O Problema Católico Romano
O Natal é o dia santo mais importante do catolicismo romano. Quando protestantes que afirmam crer apenas na Bíblia observam esse dia católico sem qualquer mandamento escriturístico, eles revelam uma contradição alarmante. Como podemos criticar o catolicismo por suas tradições extra-bíblicas e simultaneamente abraçar sua maior celebração?
Os reformadores corajosamente rejeitaram.
Negligenciando o Dia do Senhor
Deus foi generoso ao nos dar 52 dias santos por ano: os domingos. Quando adicionamos outros dias como Natal e Páscoa, inevitavelmente diminuímos a importância do dia do Senhor. As pessoas passam dezembro inteiro preparando o Natal, mas tratam o domingo comum com indiferença.
Isso não deveria nos fazer refletir?
Uma Mentira Religiosa
O cristianismo é a religião da verdade. Deus não pode mentir. Jesus é a verdade. O Espírito Santo é o Espírito da verdade. Como então podemos defender uma celebração fundamentada em mentiras?
Ok, o nome “mentira” é muito forte e agressivo? É uma data falsa.
A data é falsa. Jesus não nasceu em 25 de dezembro. A narrativa está repleta de mitologia pagã e papista: Papai Noel, árvores decoradas, renas voadoras. Se mentimos sobre o nascimento de Cristo e fazemos vista grossa para a mitologia, por que o mundo deveria acreditar em nós quando falamos sobre sua ressurreição?
O Mundo Ama o Natal
Todos amam o Natal: ateus, idólatras, incrédulos, pessoas ímpias de todos os tipos. Por quê? Porque não é bíblico. Porque não procede de Deus. O mundo odeia o dia do Senhor, odeia a Cristo glorificado, mas ama um bebezinho inofensivo numa manjedoura.

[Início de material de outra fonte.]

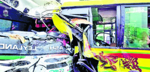 सोमवार सुबह पूर्व बर्दवान जिले के कालना थाना क्षेत्र के धात्री ग्राम में तेज रफ्तार यात्री बस और डंपर में आमने-सामने की टक्कर हो गयी, जिससे बस में सवार करीब 20 यात्री घायल हो गये. कालना महकमा अस्पताल में पांच घायलों की हालत गंभीर बतायी गयी है. हादसे के बाद यात्रियों की चीख-पुकार सुन कर आसपास के लोग वहां पहुंचे और बचाव-कार्य में जुट गये. क्षतिग्रस्त यात्री बस के अंदर से घायलों को निकाला गया. सूचना पाते ही पुलिस भी घटनास्थल पर पहुंची और स्थानीय लोगों की मदद से घायलों को नजदीकी कालना महकमा अस्पताल पहुंचाया. पुलिस ने बताया कि धात्री ग्राम के उत्तर रेल फाटक के पास यह हादसा हुआ. यात्री बस और डंपर के बीच आमने-सामने की भीषण भिड़ंत हो गयी. स्थानीय लोगों ने बताया कि तेज गति से बस यात्रियों को लेकर नवद्वीप कृष्णनगर से बर्दवान लौट रही थी, तभी उल्टी दिशा से तेज गति में एक डंपर आ गया और दोनों वाहनों में भीषण टक्कर हो गयी. भिड़ंत से यात्री बस व डंपर के सामने का हिस्सा बुरी तरह क्षतिग्रस्त हो गया.क्षतिग्रस्त बस से घायलों को बाहर निकालने में मुश्किल हो रही थी. इसलिए दमकलकर्मियों को भी बुलाया गया. फिर दमकलकर्मियों की मदद से क्षतिग्रस्त बस से घायलों को बाहर निकाला गया और उन्हें कालना महकमा अस्पताल में भर्ती कराया गया. पुलिस ने मौके पर स्थिति संभाली. क्षतिग्रस्त वाहनों को थाने ले गयी. अस्पताल सूत्रों के अनुसार पांच घायल यात्रियों की अवस्था चिंताजनक है.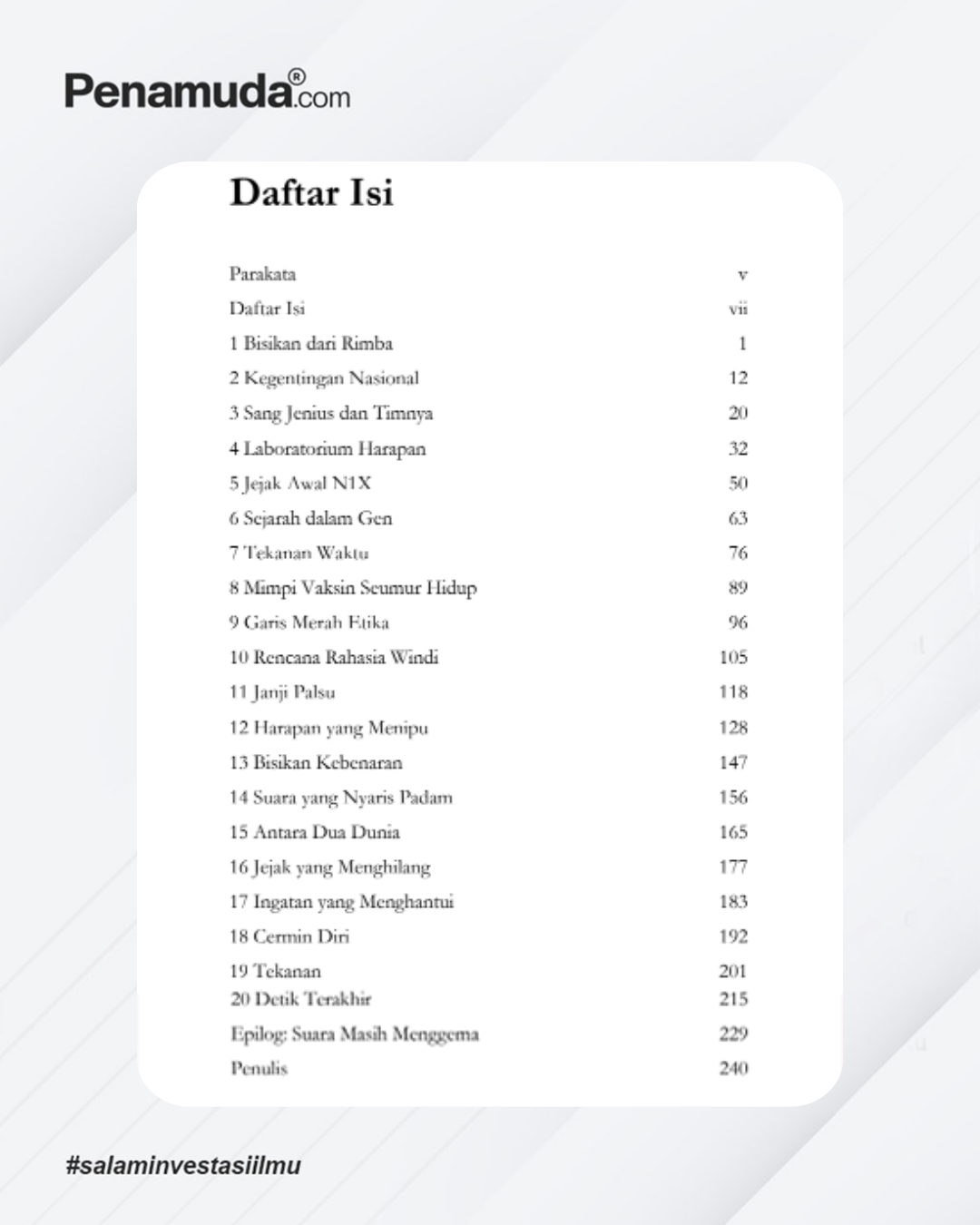 Borneo-25 dan Vaksin Rahasia” tidak hanya kisah tentang sains tapi adalah kisah keberanian dan harga yang harus dibayar untuk harapan. Tegang, emosional, dan menggugah; novel ini mengajak kita bertanya “Di tengah badai kematian, apa yang lebih berharga; nyawa, kebenaran, atau moralitas?”

Um Jesus de plástico na decoração não ameaça ninguém. Mas o verdadeiro Jesus, o Rei dos reis que se assenta à destra do Pai, o mundo não suporta. Quando a igreja tem algo em comum com o mundo pagão em questões de adoração, ela se coloca sob o mesmo jugo que os incrédulos.
A História Protestante
Houve um tempo em que presbiterianos e congregacionais disciplinavam membros por celebrar o Natal. Para os calvinistas da Reforma, a observância desse dia foi impensável durante séculos. Agora, se você não celebra o Natal, mesmo irmãos reformados podem achar você fanático.
Como isso aconteceu? É simples: primeiro, você mente. Ensina que é o aniversário de Cristo. Poucos verificarão os fatos. Depois, gradualmente, a tradição se torna mais importante que a verdade.
Um Chamado ao Discernimento
Pastores e presbíteros que autorizam celebrações especiais de Natal excedem sua autoridade. Eles agem como papas, introduzindo invenções humanas na igreja. Recebem autoridade de Deus para reger segundo Sua Palavra, mas procedem por conta própria quando instituem práticas sem garantia escriturística.
O evangelicalismo moderno está em declínio precisamente porque pragmatismo e tradição têm precedência sobre integridade doutrinária. O resultado é uma igreja morna.
Uma Questão de Consciência
Esta não é uma posição fácil ou popular.
Os apóstolos ensinaram todo o conselho de Deus, o que não incluía o Natal. Para eles, o verdadeiro significado do Natal seria reconhecer que é uma invenção humana que deve ser rejeitada em favor da adoração bíblica.
Que possamos amar a Cristo o suficiente para adorá-Lo somente como Ele ordenou.